CUOMO: How can he keep them from dating?

SCARAMUCCI: My point is he had the information, he tried to cover up the information, tried to get other people inside the White House to cover up the information for him.

CUOMO: You believe Kelly covered up the information about --

SCARAMUCCI: I do.

CUOMO: Because that's not what the White House says. The White House says as soon as he found out, he acted on it.

SCARAMUCCI: Well, I don't believe that. CUOMO: Is that another white lie?

SCARAMUCCI: You've got to ask him. Have him sit in the white chair and ask him if it's a white lie or not. You'll be able to figure it out quickly.
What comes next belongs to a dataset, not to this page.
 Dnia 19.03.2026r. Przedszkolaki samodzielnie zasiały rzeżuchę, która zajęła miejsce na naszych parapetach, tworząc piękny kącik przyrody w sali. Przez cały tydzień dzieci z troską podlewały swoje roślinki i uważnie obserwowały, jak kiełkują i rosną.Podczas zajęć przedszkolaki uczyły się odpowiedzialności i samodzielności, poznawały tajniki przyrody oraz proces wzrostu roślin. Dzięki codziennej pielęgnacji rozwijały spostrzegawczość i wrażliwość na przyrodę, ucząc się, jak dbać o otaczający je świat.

But the Rob Porter situation for me, I liked Rob. I've been asked even by the president did I see any of that indication of Rob. I didn't. But there was an FBI dossier on Rob, and people knew about it.

CUOMO: So how does Kelly survive then? Why didn't he get the berated that Hope Hicks got?
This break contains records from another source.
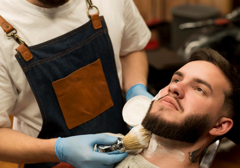 Sharp fades, beard styling, and modern masculine grooming.
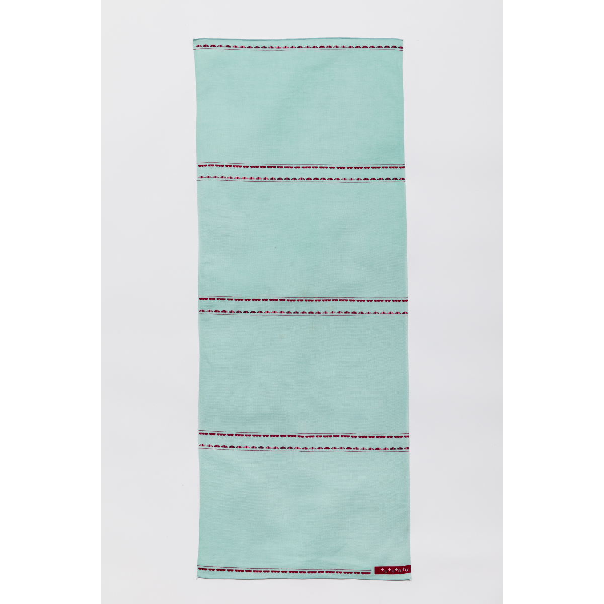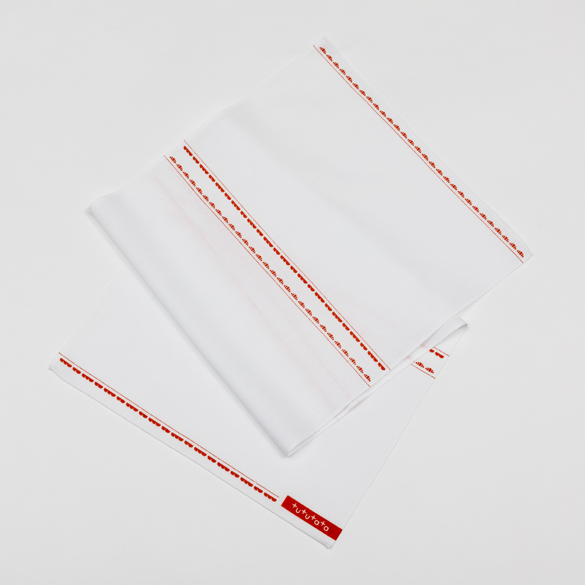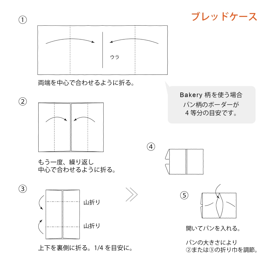 焼き立てパンの湿度調整にも使えるのが和晒手ぬぐいの優れたところ。だからパンをサーブするときの包みを考えました。パン柄のボーダーを目安にレシピ通りたためば簡単に出来上がります。ひと工夫でワンランク上の朝食をお楽しみください。
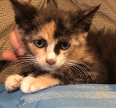 Rosie is approximately 8 weeks old (as of 9-18-18) and a super sweet little girl! This lovely charming calico loves to cuddle and starts purring right away. She is quickly adjusting to life in a busy, family household, and she’s even getting used to dogs. This little girl will quickly fit in anywhere. An excellent kitty for an active family. (jr)
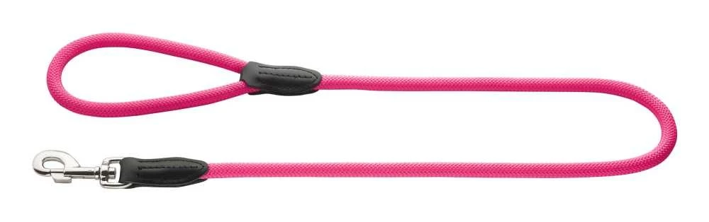 Dit is een mooie neon roze hondenriem die is gemaakt van duurzaam polyamide touw. Het materiaal is waterafstotend en weerbestendig. De riem heeft dan ook weinig onderhoud nodig, het vuil kunt u er met een vochtig doekje vanaf halen.

SCARAMUCCI: This is how it works. It's going to be up for the president to decide that. I guess he's an honorable marine, and so he's got to look at himself in the mirror and say what he knew and when he knew it. But I'll tell you what I don't like about it. I talked a little bit of smack about two guys we were trying to get rid of. He fires me in five seconds. These guys are smacking up their wives and he's trying to find a way to keep them inside the White House. So it's very dishonest to me.

CUOMO: So is it a personal grievance that's motivating you? You think as a matter of honor and duty Kelly needs to go?
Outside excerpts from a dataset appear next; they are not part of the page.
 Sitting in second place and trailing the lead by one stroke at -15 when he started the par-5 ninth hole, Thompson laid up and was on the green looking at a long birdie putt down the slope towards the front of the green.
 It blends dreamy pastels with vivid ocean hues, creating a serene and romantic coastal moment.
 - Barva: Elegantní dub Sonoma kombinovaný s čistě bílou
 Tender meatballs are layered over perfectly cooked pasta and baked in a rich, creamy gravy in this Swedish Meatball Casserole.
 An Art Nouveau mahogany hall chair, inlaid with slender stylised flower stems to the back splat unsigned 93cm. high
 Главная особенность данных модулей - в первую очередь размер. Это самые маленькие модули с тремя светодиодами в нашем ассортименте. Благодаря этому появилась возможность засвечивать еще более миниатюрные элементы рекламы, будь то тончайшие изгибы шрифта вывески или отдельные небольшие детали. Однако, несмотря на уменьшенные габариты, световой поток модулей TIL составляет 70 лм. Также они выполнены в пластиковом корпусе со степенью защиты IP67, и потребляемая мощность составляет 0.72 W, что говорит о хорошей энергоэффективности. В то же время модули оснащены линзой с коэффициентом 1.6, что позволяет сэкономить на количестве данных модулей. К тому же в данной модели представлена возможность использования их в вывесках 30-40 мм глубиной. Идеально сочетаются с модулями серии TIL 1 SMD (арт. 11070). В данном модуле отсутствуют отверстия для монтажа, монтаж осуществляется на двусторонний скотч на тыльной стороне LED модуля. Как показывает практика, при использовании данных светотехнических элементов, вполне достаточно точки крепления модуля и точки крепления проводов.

SCARAMUCCI: It isn't. It's a cultural grievance because I've sat in this white chair with you over the six months after he fired me and said nothing but good things about him. I have no problem with him firing me. Everybody has an opportunity and the right to change their staff, particularly when they're the chief of staff. But this is a cultural thing. The morale inside the White House, you're a great reporter, you have got great reporters on staff. The morale is terrible. The reason the morale is terrible is the rule by fear and intimidation does not work in a civilian environment. Here we are. It's messed up. It will be up to the president to decide if he wants to fix it or not.

CUOMO: The question is whether or not the president is contributing to the turmoil.

SCARAMUCCI: I predict more departures.

CUOMO: You do believe that we should be open to more people leaving the administration?

SCARAMUCCI: If the current situation and the current culture inside the administration stays exactly the way it is, there's literally no change, there will be a lot more departures. The morale is at an all- time low and it's trending lower.

(END VIDEOTAPE)

CUOMO: All right, let's bring in CNN politics reporter and editor at large Chris Cillizza and CNN political analyst Joshua Green. It's good to have you both, gentlemen. So we know Anthony Scaramucci well. So do you. He is completely not inclined to say anything negative about the president. That's not where he's coming from. He's not a critic. So for him to say that morale is bad and getting worse, that it is destabilizing and putting meat on the bones of this Ides of March notion that you're going to see more people leave the White House, that is remarkable.

CHRIS CILLIZZA, CNN POLITICS REPORTER: Agreed, because he has his enemies, Steve Bannon, Reince Priebus, John Kelly it sounds like from your interview with him, Chris. But Donald Trump is not one of them. Anthony Scaramucci knows where his bread is buttered at the end of the day and criticizing Donald Trump is not something he does.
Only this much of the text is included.